Qui, al riparo da sguardi indiscreti il capo del plotone «massiccio, non molto
alto con gli occhi verdi e un tatuaggio sul petto» si inginocchia accanto a
Omar, seduto a terra, e un altro marine, ancor più corpulento, vicino al suo
amico. «A questo punto - sostiene Omar - ho capito che stavano per ucciderci.

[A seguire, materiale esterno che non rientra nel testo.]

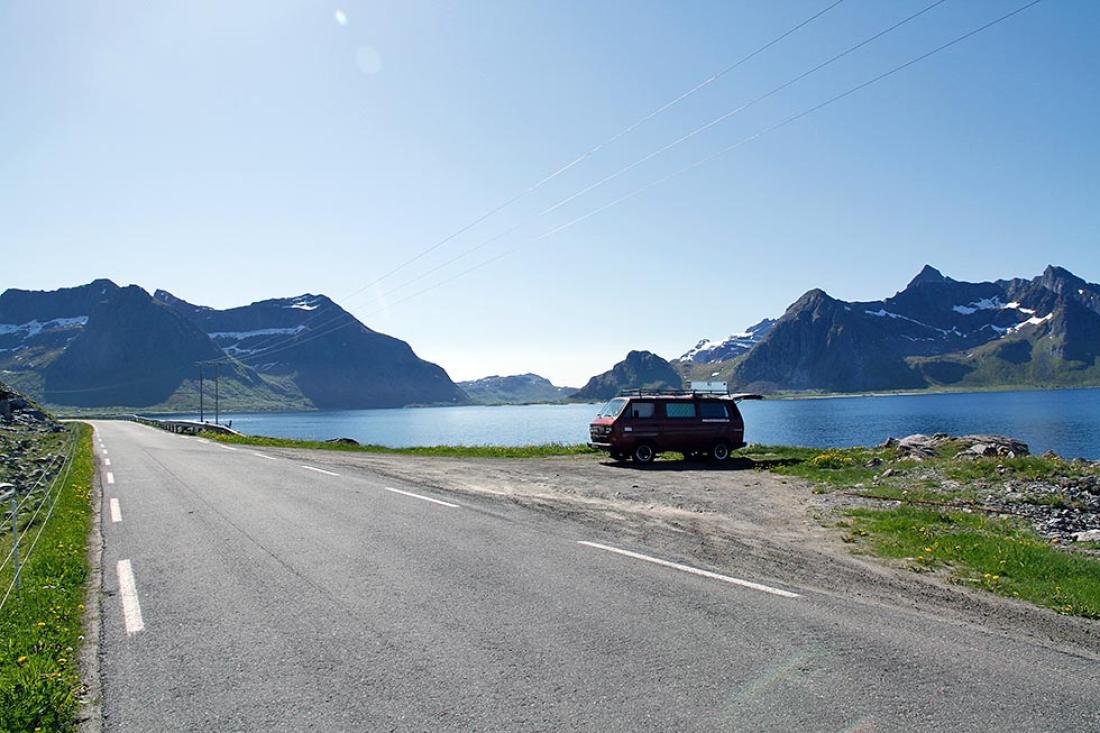 Parkeringen vi valgte oss ligger rett ved veien, men det er lite trafikk her om natten. Det ga oss ro og en overraskende sterk følelse av å være tett på naturen. Vi var alene på plassen denne natten midt i juni, men i høysesong kan jeg se for meg at det er flere som tar området i bruk. Lommene var store og romslige, og kan nok lett romme to biler hver. Vi utnyttet at vi var alene og kunne breie oss ut, og rygget på plass med åpen bakluke ut mot havet. Det er ikke mulig å klage på den utsikten som møtte oss neste morgen: Blått, stille hav, sol og snødekte fjelltopper.
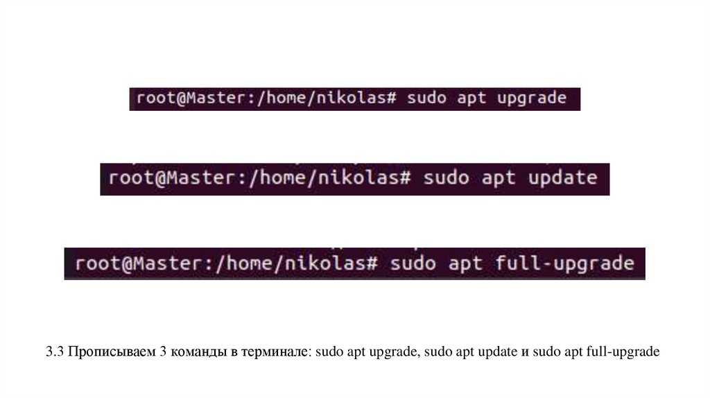 3.3 Прописываем 3 команды в терминале: sudo apt upgrade, sudo apt update и sudo apt full-upgrade
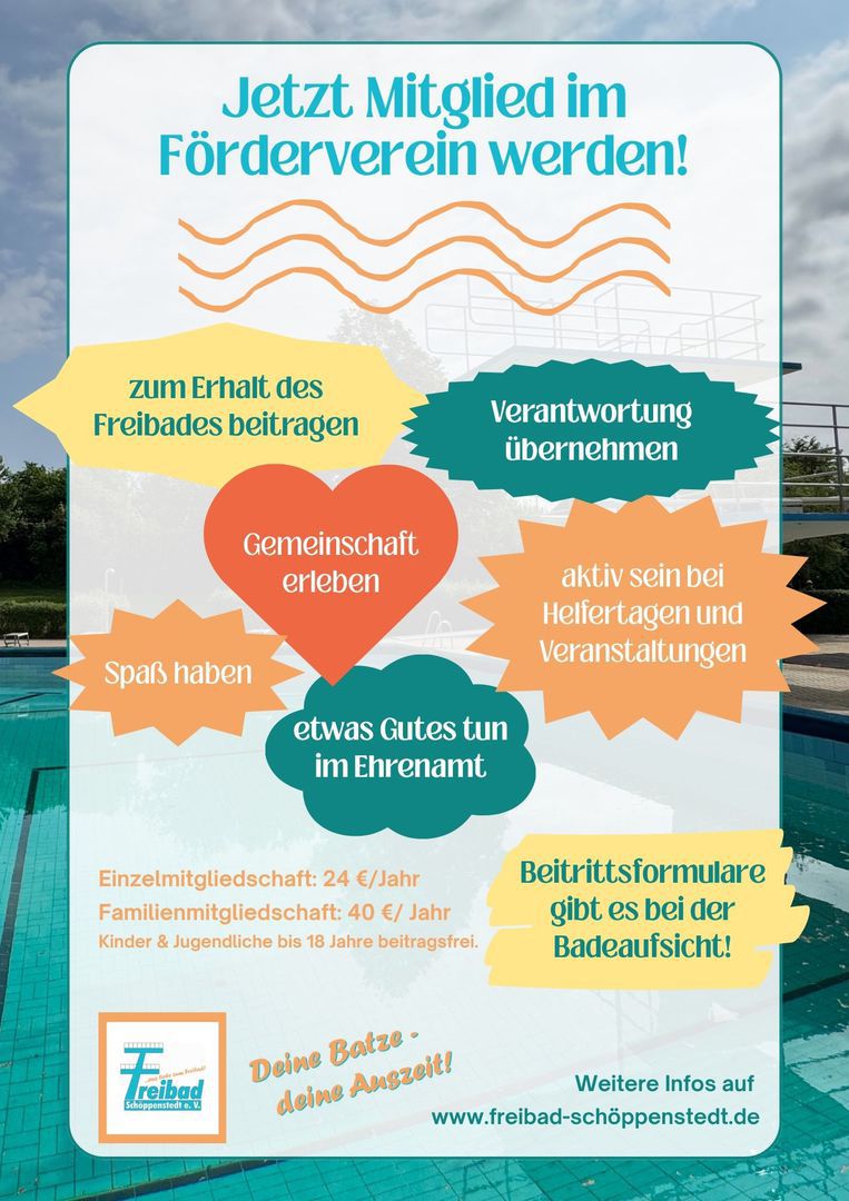 Um das Freibad Schöppenstedt zu erhalten, unterstützt der Förderverein des Freibads die Samtgemeinde Schöppenstedt, bei der die kaufmännische Betriebsleitung liegt - durch ehrenamtliches Engagement, das Anwerben von Sponsoren und Fördergeldern.
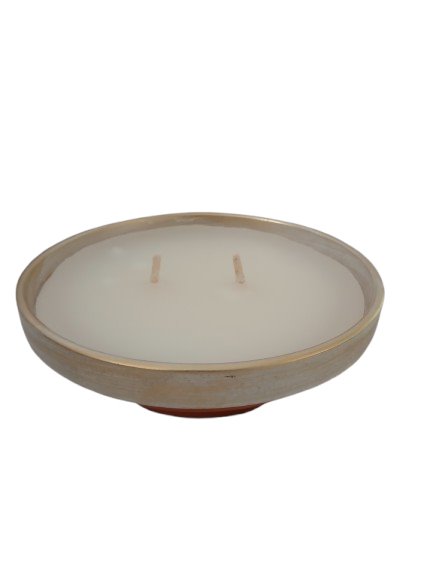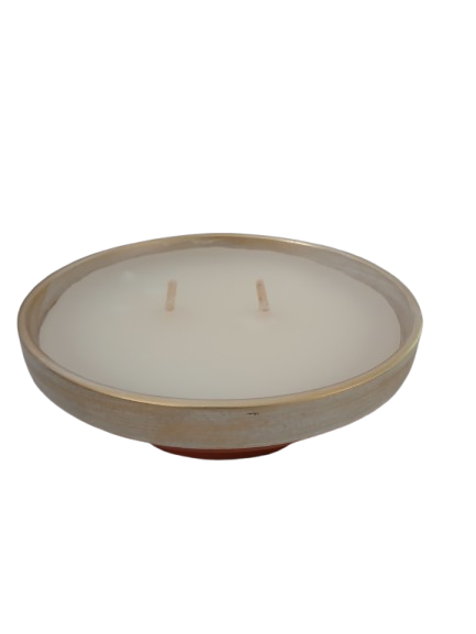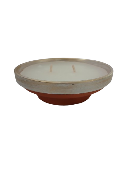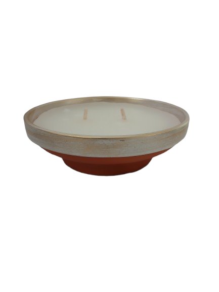 Znicz zalewany parafinowy z złotym otokiem, podstawa gliniana.

Con una mano il capo dei soldati mi ha preso per i capelli tirandomi indietro
la testa. Ho visto la baionetta andare verso il collo e tagliarmi la gola
dall'orecchio sinistro fino a quello destro. Ho sentito un gran dolore, mi sono
rivoltato e ho cercato di fermare il sangue con le mani». Quindi Omar vede
morire il suo amico: «Quello grasso ha messo la baionetta davanti alla gola di
(Saad) e gliel'ha tagliata. Poi gli ha messo lo scarpone dietro la nuca e
tirandogli indietro con forza la testa gli ha spezzato il collo. Il poveretto è
morto subito». Omar è a terra, semisvenuto, sanguinante quando il comandante
gli preme uno scarpone sul collo tagliato quasi soffocandolo e l'altro soldato,
gli da un altro colpo di baionetta sul fianco destro. I marines a questo punto,
convinti che entrambi siano morti, gettano i due corpi nelle acque basse del
fiume e appiccano il fuoco al palmeto e ai vicini campi. Omar però ripresosi a
contatto con l'acqua riesce a risalire sulla riva e li viene trovato e salvato
dal proprietario della fattoria accorso con alcuni poliziotti locali a spegnere
l'incendio. Portato a Baghdad il bracciante è riuscito a salvarsi, anche se è
ancora semiparalizzato. Omar non riesce a darsi una spiegazione per quel che
gli è accaduto e per la ferocia dei suoi aguzzini: «Non so perché ci hanno
fatto questo. Non so se vi era stato un qualche attacco contro di loro ma di
sicuro non dalle nostre parti. E poi non capisco perché, poco dopo, sono
tornati di nuovo per mutilare i nostri corpi. Ovviamente il mio non l'hanno trovato
e si sono accaniti su quello del mio collega. Hanno preso il suo cadavere e gli
hanno tirato fuori gli occhi, massacrato la faccia e il mento. Noi siamo
solamente dei lavoratori che gli abbiamo fatto?» Poi, cercando di trovare una
qualche spiegazione, Omar sostiene poi: «Forse volevano accusare qualcun altro
di averci sgozzato, forse volevano terrorizzarci mandando un messaggio a tutto
il paese, forse volevano mostrare la loro forza. Forse si è trattato di una
punizione collettiva. Sono rimasti nei palmeti per sei giorni e nessuno si è
potuto avvicinare». Prima di finire la sua intervista il contadino iracheno
parla poi di un altro episodio, terribile nella sua brutalità, che avrebbe
visto come protagonisti i marines del « gruppo 27»: «Noi siamo stati i primi ma
forse non gli ultimi a subire questo trattamento. Ho sentito qui in paese di
due giovani guidatori uccisi e mutilati sulla strada principale. Uno di loro è
stato squartato e gli hanno messo gli intestini attorno al collo. All'altro
hanno tirato fuori il cuore e l'hanno messo sulla schiena». Tutto naturalmente
«nel rispetto delle «regole di ingaggio».